Selon les autorités, 22 cas contacts ont été identifiés sur le territoire français. Ces personnes font désormais l’objet d’un suivi sanitaire étroit afin d’éviter toute propagation éventuelle du virus.

Les cinq Français rapatriés avaient été placés à l’isolement à Paris après leur retour du navire, où plusieurs cas suspects avaient déjà été recensés ces derniers jours.

Face à l’évolution de la situation, le Premier ministre Sébastien Lecornu doit présider une nouvelle réunion de crise lundi après-midi afin de faire le point sur les mesures sanitaires et le suivi des passagers potentiellement exposés.

Le MV Hondius est au cœur d’une alerte sanitaire internationale depuis la détection de plusieurs cas d’hantavirus parmi les passagers et membres d’équipage.
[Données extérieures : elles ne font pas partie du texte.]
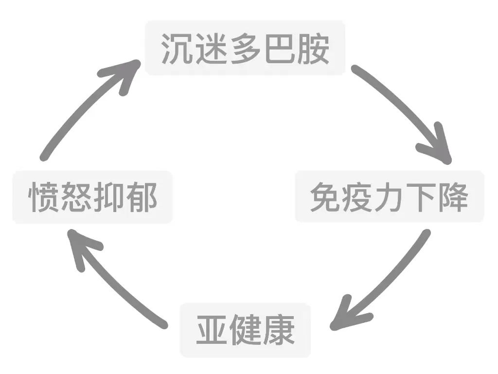 随着社会的进步发展,我们获得多巴胺型快乐的渠道越来越多,如果沉迷于此,会出现免疫力下降、身体亚健康等,从而引发不良情绪, 转而寻求更多的多巴胺刺激,对身心造成更大影响。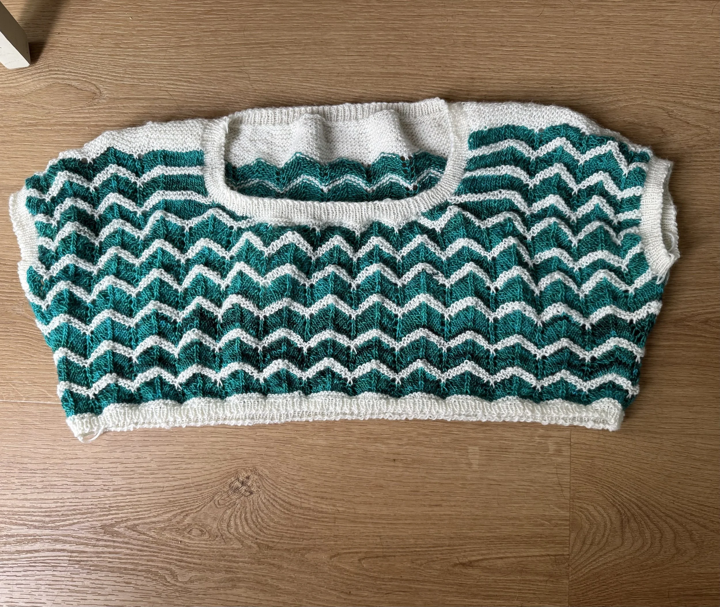And this is a good time to mention the big one: for plant fibers/100% silk, it may be good to pick up fewer sts around the neckline. Since these types of fibers have less give, the ribbing will also have less give and possibly end up stretched out. An animal fiber will relax down and tighten up the neckline as written, but that looser neckline seen in the all black one above is from the 100% plant fiber content of the yarn. This tester is going to redo their neckline with fewer sts to adjust for this. And it was a great note for me, as I rarely use plant fibers (my hands don’t typically like them), so this didn’t occur to me!

Les autorités sanitaires enquêtent notamment sur une possible contamination liée au virus des Andes, une souche rare d’hantavirus connue pour sa capacité limitée de transmission interhumaine.

Les hantavirus sont transmis principalement par des rongeurs infectés, via l’inhalation de particules contaminées provenant de leurs excréments ou de leur salive.

Selon les souches, l’infection peut provoquer des atteintes rénales ou pulmonaires sévères. 

Les autorités sanitaires françaises rappellent toutefois que le risque de propagation à grande échelle reste considéré comme faible à ce stade.